ACA Drives More Change for Higher Ed
The nextSource blog has produced a solid amount of coverage about both workforce management in the higher education industry as well as the effects of the Affordable Care Act (ACA or Obamacare if you prefer) in the last few months. This is why editors here were interested to read about yet another way the ACA is impacting the day-to-day operations of nextSource clients at educational institutions. Read on for more on the latest ramifications of the ACA on higher ed.

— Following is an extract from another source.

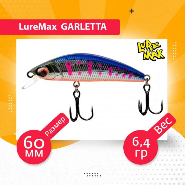 LureMax Garletta — это небольшой тонущий воблер с высокой изогнутой спинкой и тонким корпусом. Отличная приманка для многих видов рыб, таких как форель, окунь, щука, голавль и судак. За счет оптимального сочетания веса и формы достигается большая точность заброса.

According to the Associated Press, colleges and universities in numerous states are reaching similar conclusions: that insurance is cheaper for students on the ACA exchanges than it is through the student policies provided by the schools themselves. AP reports, “The main driver of colleges getting out of the insurance business is a provision in the Affordable Care Act that prevents students from using premium tax subsidies to purchase insurance from their college or university, according to Steven M. Bloom, director of federal relations for the American Council on Education, a Washington, D.C., group representing the presidents of U.S. colleges and universities.”

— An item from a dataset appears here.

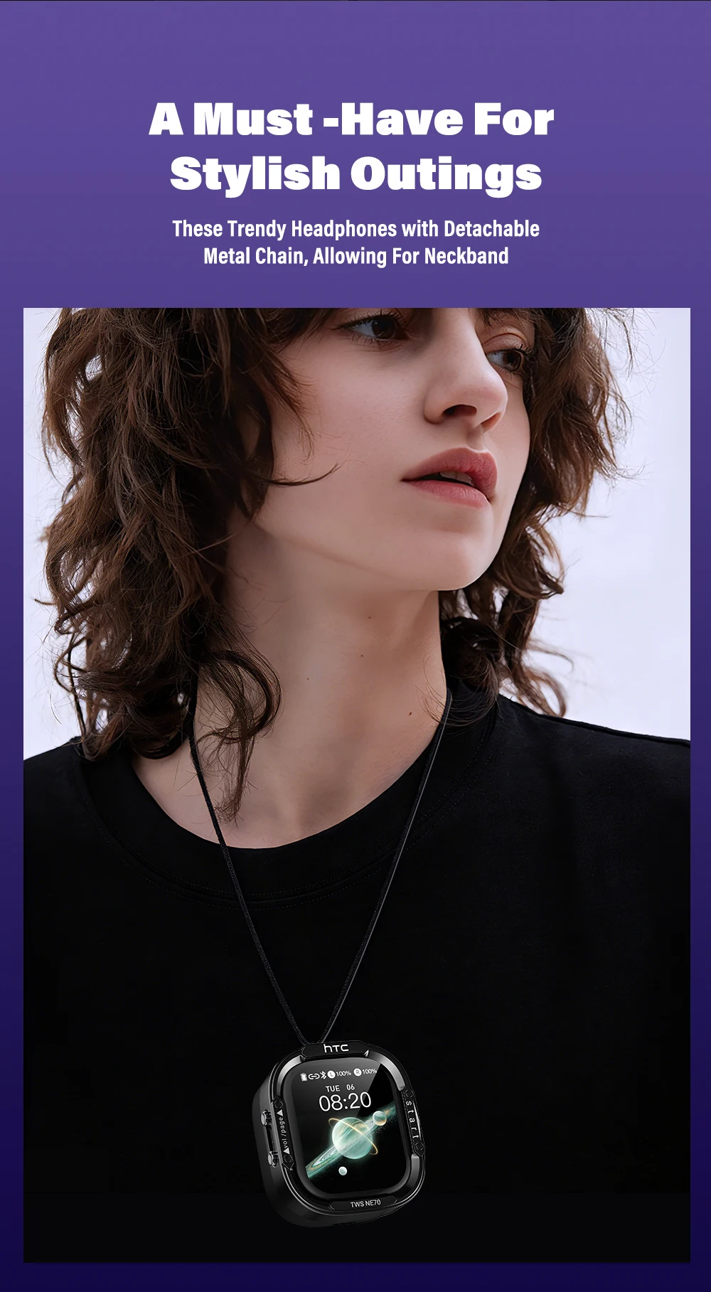 Cyberpunk-style charging case + metallic texture body, paired with a smart touch color screen, supports custom watch faces and backgrounds, making it both an earphone case and a “portable tech gadget.”

Coupled with the law’s provision allowing children to stay on their parent’s policies until age 26 (a bit beyond typical college years), these changes are making it less sensible for universities to continue to provide these benefits. As more states expand Medicare eligibility, analysts expect to see the trend towards sending students to the ACA exchanges continue.

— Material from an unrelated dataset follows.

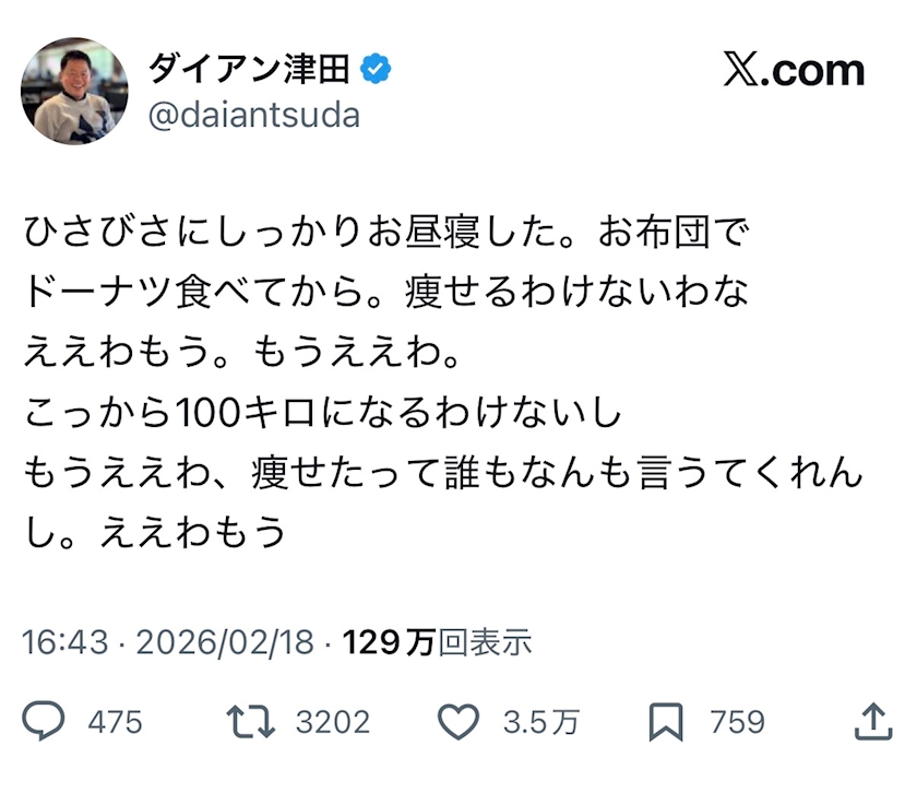 X見てたらダイアン津田のポスト流れてきて

Whether or not this is a positive or negative development, there is bound to be another ramification for the composition of the workforce among schools, colleges and universities. With a significant administrative burden eliminated (benefits administrators and related staff) higher education organizations will surely need to adjust their staffing levels accordingly. While this may be problematic for those whose positions may be jeopardized by the trend, the overall outlook is solid for contract workers and contingent laborers.
A recent Staffing Industry Analyst report revealed that staffing industry revenue grew at a healthy rate of 10% in 2014 underscoring the noticeable uptick in hiring both among contractors and full time workers. The projections for 2015 are similarly positive and overall there seems to be growth in hiring across the board as evidenced by Q1 numbers just beginning to come out for this year.
All this data underscores a number of important things relevant to workforce management. First, regulatory changes and environmental shifts will continue to affect the way business is done, leaving organizations to grapple with adaptation. Second, whether the labor market is expanding, contracting or simply changing, it is imperative to have a well-devised strategy and solution in place to accommodate any workforce-related needs as they emerge.